Share your dilemmas and get honest opinions from other Mumsnetters.

Who has priority?

8 replies

Holymosquito · 21/09/2018 18:34

Person A and Person B are married. 2 DCs one at full time school one half time nursery. Both A and B are at home. A has recently lost their (well paid) job and is trying hard to find a new one. They are however struggling due to age, skills and this is causing them to be depressed.

Person B has been a SAHP for several years but has in the circumstances just gone got a new job. Its only part time but is a professional role. Person B is therefore somewhat stressed and wants to prepare. This job is not paid enough to maintain the family long term. Person B has taken part time as this should be managable once A returns to work.

A and B are arguing over shared childcare and access to shared home office facilities. A is used to their needs taking priority and for B to do the majority of childcare. They are also working hard trying to find a new well paying job.

Should childcare/ access be 50/50 or does one person have the right to more child free computer access?

OP posts:
Fiffyshadesofgreymatter · 21/09/2018 18:37

Are the kids at nursery and school when B is working the part time job? Or is A looking after them for all that time?

FullOfJellyBeans · 21/09/2018 18:38

At the moment A gets priority as A has a job that needs to be prepared for now. However B should be allowed adequate time (at the weekend if needs be) to prepare for interviews.

Holymosquito · 21/09/2018 18:40

yes kids will be at nursery/ school when b is working so A will only have them before drop off and after pick up.

OP posts:
Hassled · 21/09/2018 18:40

But between you, there is half a day every day child free, right? And then presumably the evenings when both children are in bed. How much child-free computer access do you need?
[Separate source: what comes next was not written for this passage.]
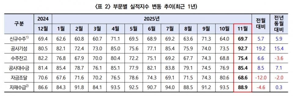 세부 지수를 살펴보면 11월 공사기성지수(92.7)가 전월 대비 19.2p 급등하면서 종합실적 개선 주요인으로 작용했다.

It sounds like you all have a lot of adapting to new circumstances to do and it must be shit, so I'm sorry. It will take A a while to adapt to the fact that he (I'm guessing it's he) isn't the breadwinner anymore and has to pull his weight more than he did. It will take B a while to start to manage the clash between work-load and home-load. I think everyone needs to cut everyone else some slack for now.

ItsAllGoingToBeFine · 21/09/2018 18:40

I think A and B need to sit down and have a proper talk about this rather than trying to find out on an internet forum who is "right".

Fiffyshadesofgreymatter · 21/09/2018 18:43

Think you got them the wrong way round jelly.

If B works while the kid is at nursery, then A has the whole house to themselves and can do their job hunt then. When B is off work and the kids are at home, the time should be split 50/50 So B can use the computer in peace while A does house stuff and then they can switch. A gets plenty time alone in the house, plus time while the kids are there with B. B gets time at work plus time while the kids are there with A.

Lougle · 21/09/2018 18:46

So B feels that A should be using child-free/ B's work-time to use the computer and then pick up the childcare/housework once B is home, to free up B some computer time?

And A feels that B should be doing part-time job, pick-ups, child-care, because childcare was status-quo and A needs the computer time to job hunt for very well paying full-time job?

Have I got that?

bridgetreilly · 21/09/2018 18:56

B has priority for the office when they are at home and A has priority for the office when B is at work. Childcare is A's responsibility when B is at work and shared when they are both at home. What this means is neither A nor B get everything they want. That's how life works.